What are the values and types of the critical points, if any, of #f(x)=x / (x^2 + 4)#?

2 Answers
Apr 14, 2016

#x=+-2#-Stationary

Explanation:

Let #f=x and g=x^2+4#

#f'=1 and g'=2x#

#f'(x)=(gf'-fg')/g^2#

#f'(x)=(x^2+4-2x^2)/(x^2+4)^2 =0#

#(4-x^2)/(x^2+4)^2 =0#

Denominator goes to zero when we multiply to the other side to solve for x.

#4-x^2=0#

#4=x^2#

#x=+-2#

Since the denominator will never equal to zero we only have one type of critical points and that is stationary

Apr 14, 2016

The critical points are #-2# and #2#. Furthermore, #-2# is the location of a local minimum and #2# is the location of a local maximum.

Explanation:

There are several different uses of "critical point" and "types of critical point".

Meaning of "critical point"
In the terminology I was taught (and that I teach), a critical point of a function #f#, is a point (call it #c#) in the domain of the function with either #f'(c)=0# or f'(c) does not exist.

With that definition, we proceed:

#f(x) = x/(x^2+4)# has domain #(-oo,oo)#

#f'(x) = ((1)(x^2+4)-(x)(2x))/(x^2+4)^2 = (4-x^2)/(x^2+4)^2 #

#f'# is never undefined and #f'(x) = 0# at #x=+- 2# (both of which are in the domain of #f#.

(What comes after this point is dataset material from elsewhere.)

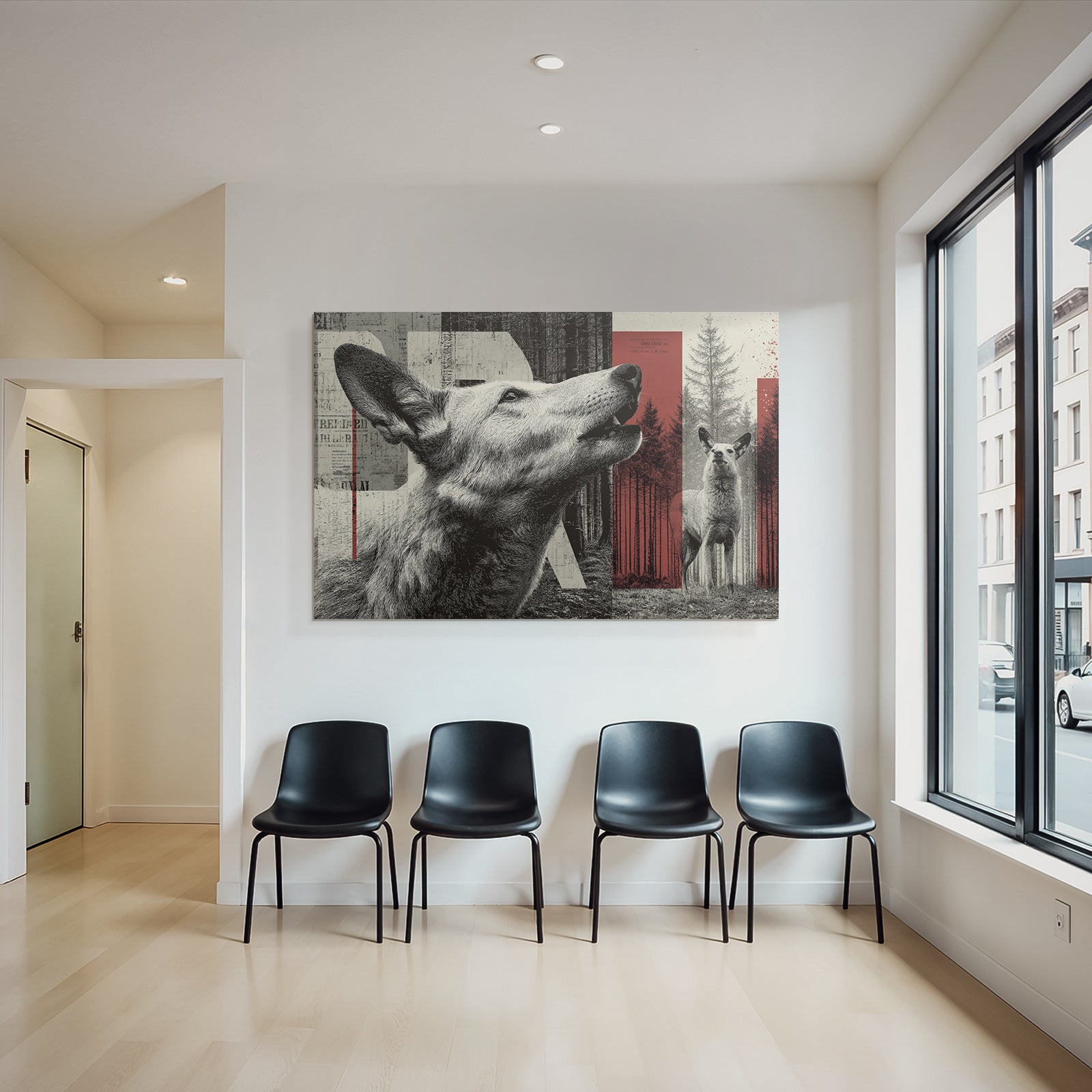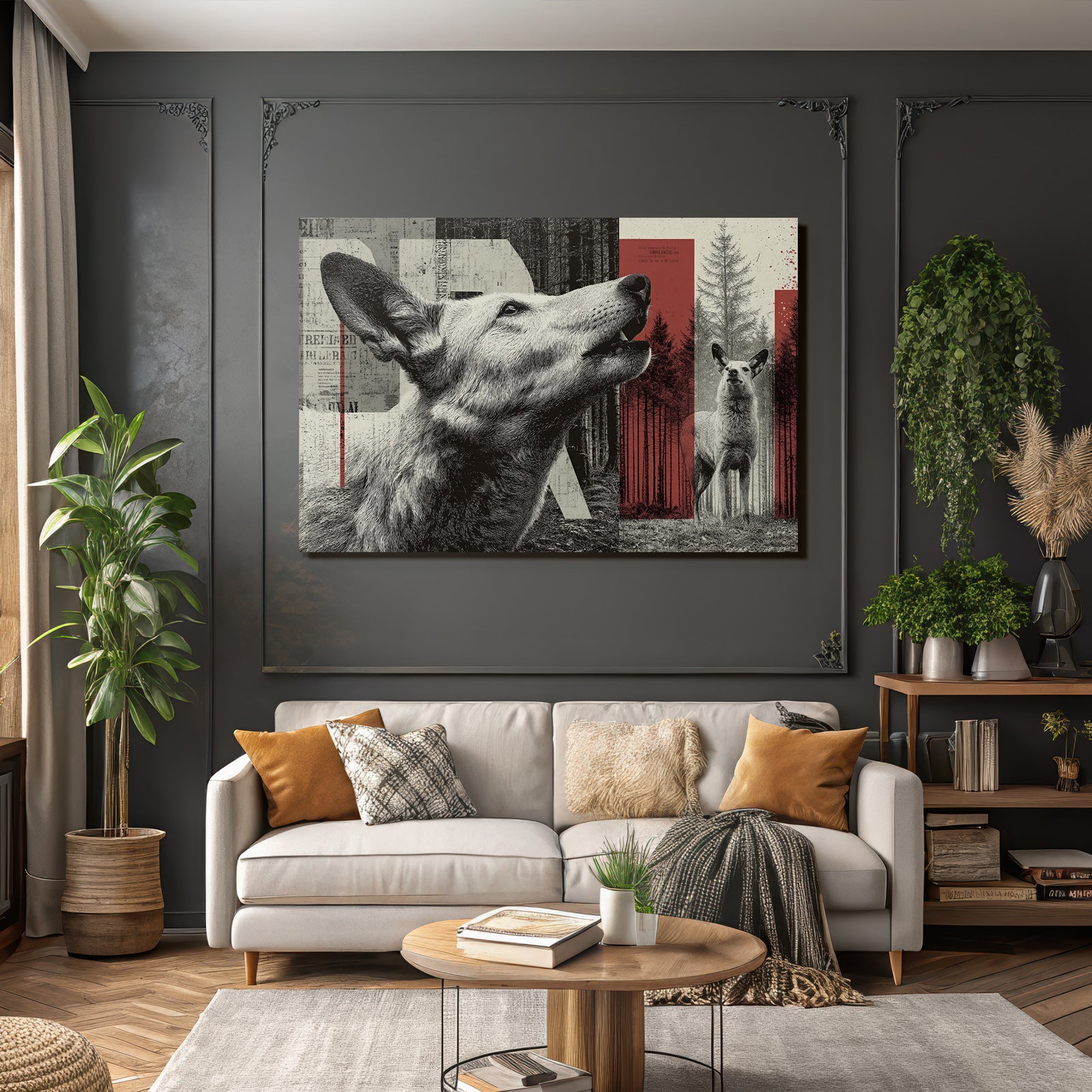 Wenn Sie den Dadaismus-Look schätzen, werden Sie „Stilisierte Hund Und Hirschillustration Im Wald“ lieben. Im exklusiven FameFrame™ wird dieses Motiv zum zentralen Element Ihrer Raumgestaltung.

"types" of critical points

Again, using the terminology I am familiar with, a critical point may be the location of a local minimum, a local maximum or neither. (In addition to "local" I also use "relative" -- they mean the same thing.)

Applying the first derivative text we find that there is a local minimum at #-2# (If you prefer, we can say "at #x=-2#")
That minimum is #f(-2) = -1/4#

Applying the first derivative text we find that there is a local maximum at #2#.
That minimum is #f(2) = 1/4#.

Other uses of the words

I have seen some who define a critical point as a point on the graph of a function where the derivative is #0# or fails to exist.

The would say that the critical points are #(-2, -1/4)# and #(2, 1/4)#,

Some would also say that #(-2, -1/4)# is a minimum point and #(2, 1/4)# is a maximum point.